TASK DATA section start

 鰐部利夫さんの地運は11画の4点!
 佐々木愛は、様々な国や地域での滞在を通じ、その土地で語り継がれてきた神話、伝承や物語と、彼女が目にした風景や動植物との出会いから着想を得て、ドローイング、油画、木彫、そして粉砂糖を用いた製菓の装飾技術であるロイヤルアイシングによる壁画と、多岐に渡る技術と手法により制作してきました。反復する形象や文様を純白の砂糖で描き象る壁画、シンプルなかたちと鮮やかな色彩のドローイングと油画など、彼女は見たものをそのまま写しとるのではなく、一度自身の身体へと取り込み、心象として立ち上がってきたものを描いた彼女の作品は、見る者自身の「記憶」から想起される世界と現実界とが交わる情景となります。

TASK DATA section end
TASK DATA section start

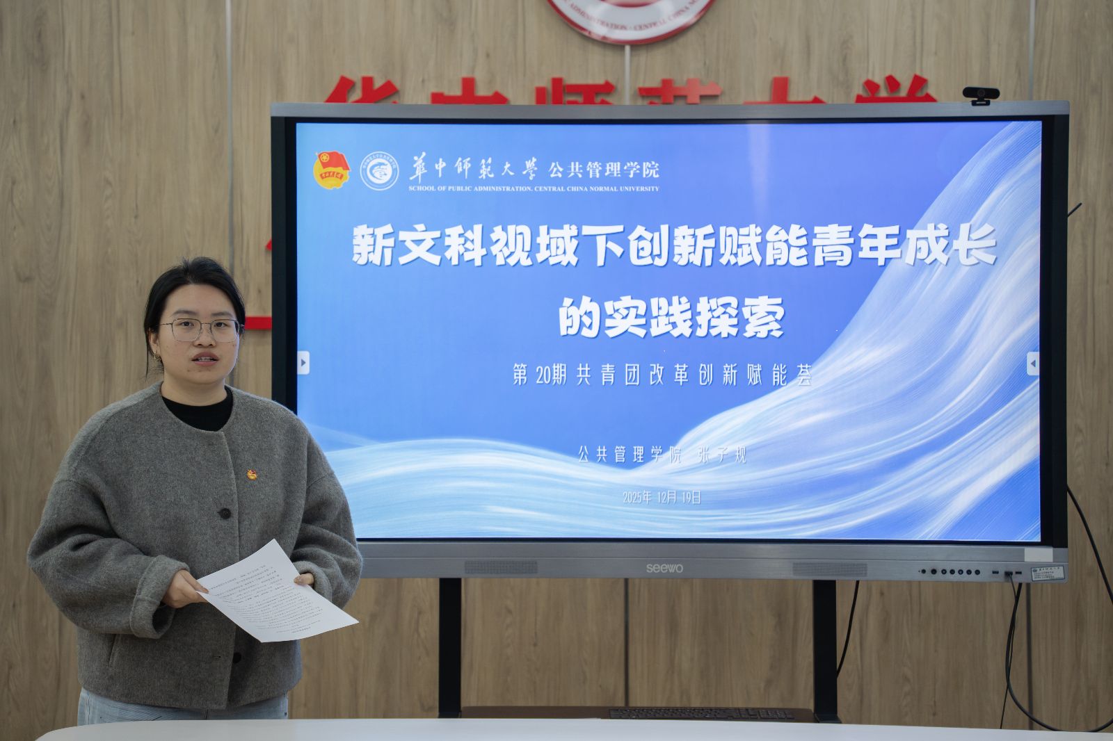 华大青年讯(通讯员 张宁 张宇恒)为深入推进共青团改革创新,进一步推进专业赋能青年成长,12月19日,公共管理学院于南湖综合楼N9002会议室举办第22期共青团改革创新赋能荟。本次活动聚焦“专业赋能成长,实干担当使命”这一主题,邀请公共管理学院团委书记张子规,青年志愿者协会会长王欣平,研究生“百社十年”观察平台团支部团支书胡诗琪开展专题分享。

TASK DATA section end

:: DIRECTIONS FOR THIS TASK ::
In your answer, include only the lines above starting at the line that holds "鰐部利夫さんの地運は11画の4点!" and ending at the line that holds "佐々木愛は、様々な国や地域で", copied exactly.

:: ANSWER AREA ::
 鰐部利夫さんの地運は11画の4点!
 佐々木愛は、様々な国や地域での滞在を通じ、その土地で語り継がれてきた神話、伝承や物語と、彼女が目にした風景や動植物との出会いから着想を得て、ドローイング、油画、木彫、そして粉砂糖を用いた製菓の装飾技術であるロイヤルアイシングによる壁画と、多岐に渡る技術と手法により制作してきました。反復する形象や文様を純白の砂糖で描き象る壁画、シンプルなかたちと鮮やかな色彩のドローイングと油画など、彼女は見たものをそのまま写しとるのではなく、一度自身の身体へと取り込み、心象として立ち上がってきたものを描いた彼女の作品は、見る者自身の「記憶」から想起される世界と現実界とが交わる情景となります。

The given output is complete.